### THE TASK
Your answer should hold exactly the lines below from the line with "An open toe" through the line with "パンダ組さんは製作の前にみん", both included, and no pictures at all.

### DATASET CONTENT

##########

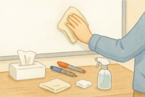 最後の「ホワイトボードマーカーで上書き」は、油性ペンで書いてしまった場合の緊急対策です。ホワイトボードマーカーの剥離剤が油性インクを溶かし、一緒に消してくれる現象を利用したものですが、ボードに負担がかかるため、あくまで最終手段と考えてください。日頃から水拭きやアルコールでの定期的なメンテナンスを心がけ、代用品は慎重に利用しましょう。
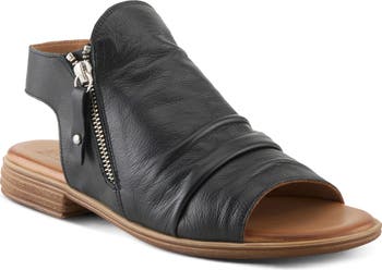An open toe and heel keep it breezy with maximum coverage in this leather sandal grounded on a cushioned footbed.
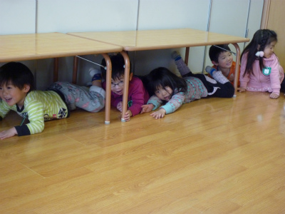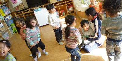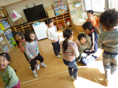 パンダ組さんは製作の前にみんなで楽しそうに遊んでいます。どうやら遊んだら製作頑張ろうねとお約束していたようです。
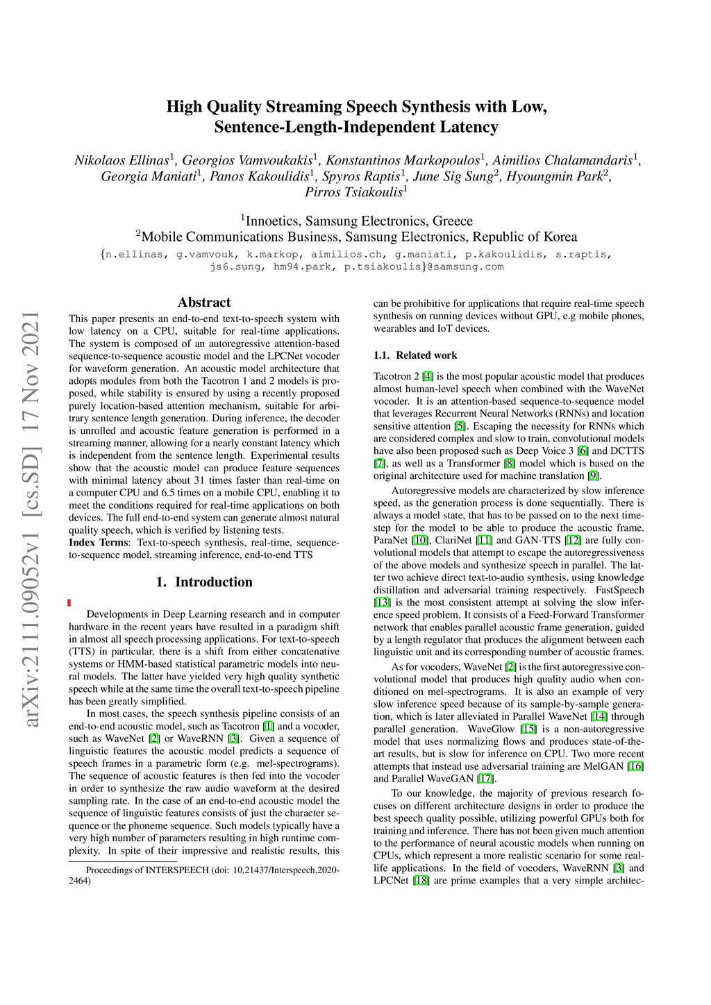 This paper presents an end-to-end text-to-speech system with low latency on a CPU, suitable for real-time applications. The system is composed of an autoregressive attention-based sequence-to-sequence acoustic model and the LPCNet vocoder for waveform generation. An acoustic model architecture that adopts modules from both the Tacotron 1 and 2 models is proposed, while stability is ensured by using a recently proposed purely location-based attention mechanism, suitable for arbitrary sentence length generation. During inference, the decoder is unrolled and acoustic feature generation is performed in a streaming manner, allowing for a nearly constant latency which is independent from the sentence length. Experimental results show that the acoustic model can produce feature sequences with minimal latency about 31 times faster than real-time on a computer CPU and 6.5 times on a mobile CPU, enabling it to meet the conditions required for real-time applications on both devices. The full end-to-end system can generate almost natural quality speech, which is verified by listening tests.

##########

### WORKED SOLUTION
An open toe and heel keep it breezy with maximum coverage in this leather sandal grounded on a cushioned footbed.
 パンダ組さんは製作の前にみんなで楽しそうに遊んでいます。どうやら遊んだら製作頑張ろうねとお約束していたようです。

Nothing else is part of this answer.